Wie Selfpublishing genau funktioniert, weiss ich leider sowieso nicht. Ich weiss nur, dass ich jemanden brauche, der mein Manuskript druckt und es vertreibt oder Werbung dafuer macht.

Und sorry falls die Frage vielleicht dumm klingt, aber ich weiss es leider wirklich nicht. Was ist denn ein DKZV?


----------



## Freduffed (2. April 2017)

Ok wenn du es nicht über den Blog-Weg versuchen willst dann musst du andere Möglichkeiten finden. Ein Blog ist nur eine Möglichkeit ein wenig bekannter zu werden, das braucht man heutzutage leider um an einem Verlag zu kommen.

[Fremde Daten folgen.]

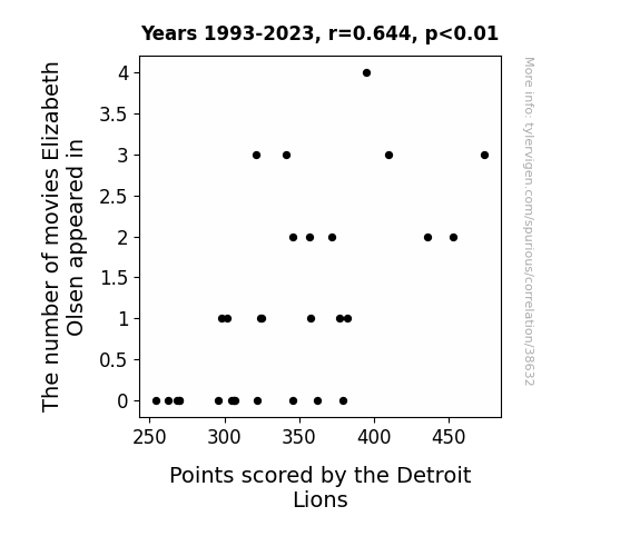 This means 41.5% of the change in the one variable (i.e., Points scored by the Detroit Lions) is predictable based on the change in the other (i.e., The number of movies Elizabeth Olsen appeared in) over the 31 years from 1993 through 2023.
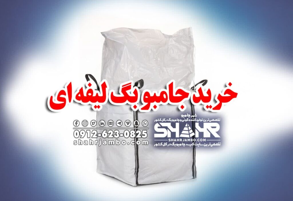 خرید جامبو بگ لیفه ای برای مصارفی است که با بیل مکانیکی یا مصارفی که با دست یا دستگاه های خاص دیگر داخل جامبو بگ بارگیری می شوند، استفاده می شود که این جامبو بگ ها دهانه به عرض 1 متر به جنس ضد آب یا هان لمینت به بدنه جامبو بگ یا همان دهانه جامبو بگ دوخته می شود، و در قسمت بالایی آن یک نخ به جنس پلاستیکی وجود دارد که با کشیدن آن دهانه جامبو بگ به طور کلی پلمپ می شود و از ورود هرگونه مواد یا آب به داخل کیسه محافظت می نماید.
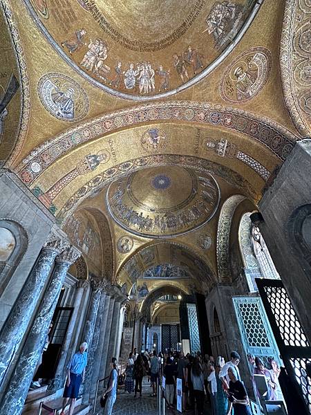 這裡一樓是免費入內參觀,而教堂內另設有位於二樓露台的小型博物館、寶物庫及祭壇內鑲滿寶石的黃金屏風Pala d'oro則需購買門票,聽說整個聖馬可大教堂內部裝飾,手工精緻的馬賽克,可用浮誇來形容,又機會可以上去看看。

Wenn du jemanden brauchst der dir Hilfe bietet, dann scheidet die Selbstveröffentlichung schon mal aus. Wie der Name ja schon sagt machst du da hauptsächlich alles bzw. du musst dir jemanden suchen.

Ein DKZV ist ein Druckkostenzuschussverlag, da Beteiligt man sich Als Autor an den Kosten. Dafür bekommt man aber nicht nur das Buch gedruckt man bekommt auch sonst einige Dienstleistungen wie Lektor, Grafiker, Hilfe beim Titel oder dem Cover,...

Ich weiß nicht wie die ganzen Anbieter das mit dem Marketing regeln, manche bieten es an manche nicht. Der Novum Verlag bietet es z.B. an, das kann man dann als Zusatzpaket buchen. Welche Leistungen dann genau drinnen sind müsstest du dir anschauen das weiß ich nicht wirklich müsste mir das auch erst durchlesen.

Bei einem Blog oder YouTube Kanal könntest du selbst Werbung für das Buch machen


----------



## peltorkid (15. April 2017)

Danke für deine Erklärung! Ich werde mir über die Feiertage den Novum Verlag mal genauer ansehen. Und dann nochmal genau abwägen, ob das das Richtige für mein Buch wäre oder es doch auf ein Selfpublishing oder einen social Media Kanal hinausläuft. Zur Zeit bin ich jedoch noch sehr gegen die letzteren Varianten und eher für einen Verlag.

 

Aber mal schauen wie sich das entwickelt. Danke auf jeden Fall nochmal!


----------



## Freduffed (15. April 2017)

Ja informieren sollte man sich schon davor.

In einigen Fällen braucht es eben einen Verlag, nämlich dann wenn man sich nicht wirklich auskennt und auf Hilfe angewiesen ist.

Wünsche dir jedenfalls viel Erfolg, wie du es letztendlich auch machst, und weiterhin viel Spaß beim Schreiben.


----------



## vfeil (19. April 2017)

Würde bei dem Amazon Projekt mitmachen, die fördern das irgendwie. Aber keine Ahnung wie das genau hieß.


----------



## brent723 (11. Mai 2017)

Würde bei dem Amazon Projekt mitmachen, die fördern das irgendwie. Aber keine Ahnung wie das genau hieß.

 

Das habe ich auch schon einmal mitbekommen, soll gut funktionieren


----------